- DATA:
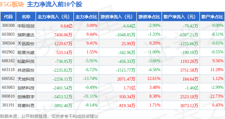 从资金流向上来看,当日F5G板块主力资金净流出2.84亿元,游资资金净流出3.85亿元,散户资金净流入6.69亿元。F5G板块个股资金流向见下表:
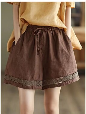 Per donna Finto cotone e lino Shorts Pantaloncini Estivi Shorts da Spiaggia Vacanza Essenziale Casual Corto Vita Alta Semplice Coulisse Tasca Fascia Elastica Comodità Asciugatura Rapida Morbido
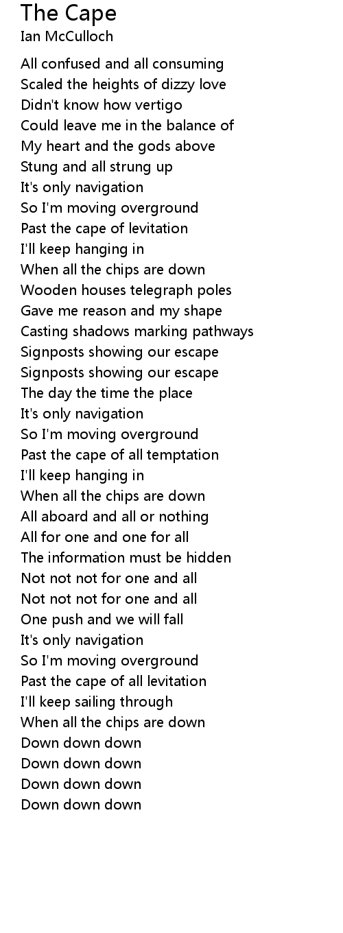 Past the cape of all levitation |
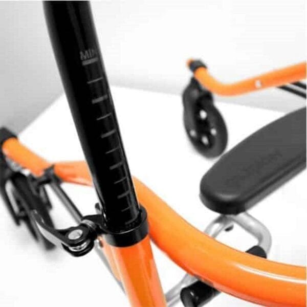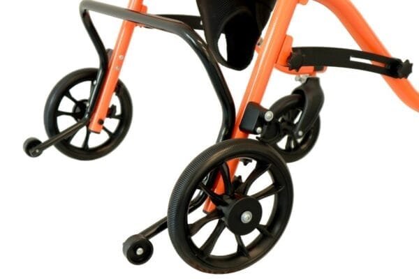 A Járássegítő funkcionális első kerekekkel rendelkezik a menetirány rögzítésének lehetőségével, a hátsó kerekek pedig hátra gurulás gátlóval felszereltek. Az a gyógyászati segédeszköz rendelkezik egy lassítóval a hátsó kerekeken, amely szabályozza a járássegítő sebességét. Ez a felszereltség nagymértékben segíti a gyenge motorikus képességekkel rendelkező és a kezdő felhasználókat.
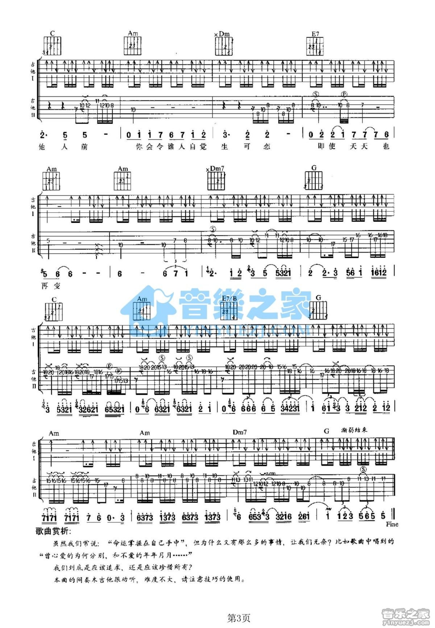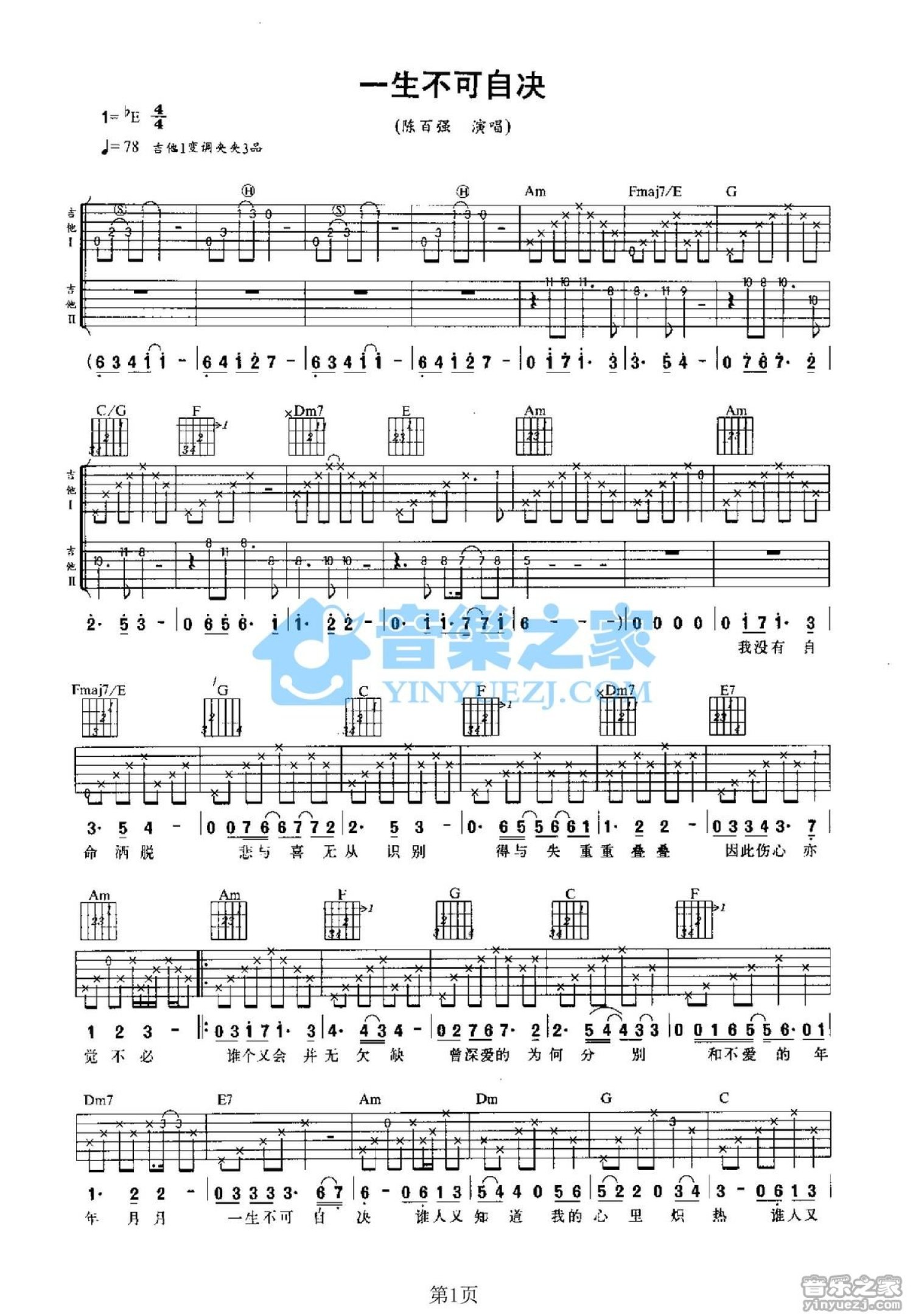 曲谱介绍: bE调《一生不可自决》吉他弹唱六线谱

- WHAT IS BEING ASKED:
Retype every entry exactly as written. Leave the pictures out.

- ANSWER BOX:
 从资金流向上来看,当日F5G板块主力资金净流出2.84亿元,游资资金净流出3.85亿元,散户资金净流入6.69亿元。F5G板块个股资金流向见下表:
 Per donna Finto cotone e lino Shorts Pantaloncini Estivi Shorts da Spiaggia Vacanza Essenziale Casual Corto Vita Alta Semplice Coulisse Tasca Fascia Elastica Comodità Asciugatura Rapida Morbido
 Past the cape of all levitation |
 A Járássegítő funkcionális első kerekekkel rendelkezik a menetirány rögzítésének lehetőségével, a hátsó kerekek pedig hátra gurulás gátlóval felszereltek. Az a gyógyászati segédeszköz rendelkezik egy lassítóval a hátsó kerekeken, amely szabályozza a járássegítő sebességét. Ez a felszereltség nagymértékben segíti a gyenge motorikus képességekkel rendelkező és a kezdő felhasználókat.
 曲谱介绍: bE调《一生不可自决》吉他弹唱六线谱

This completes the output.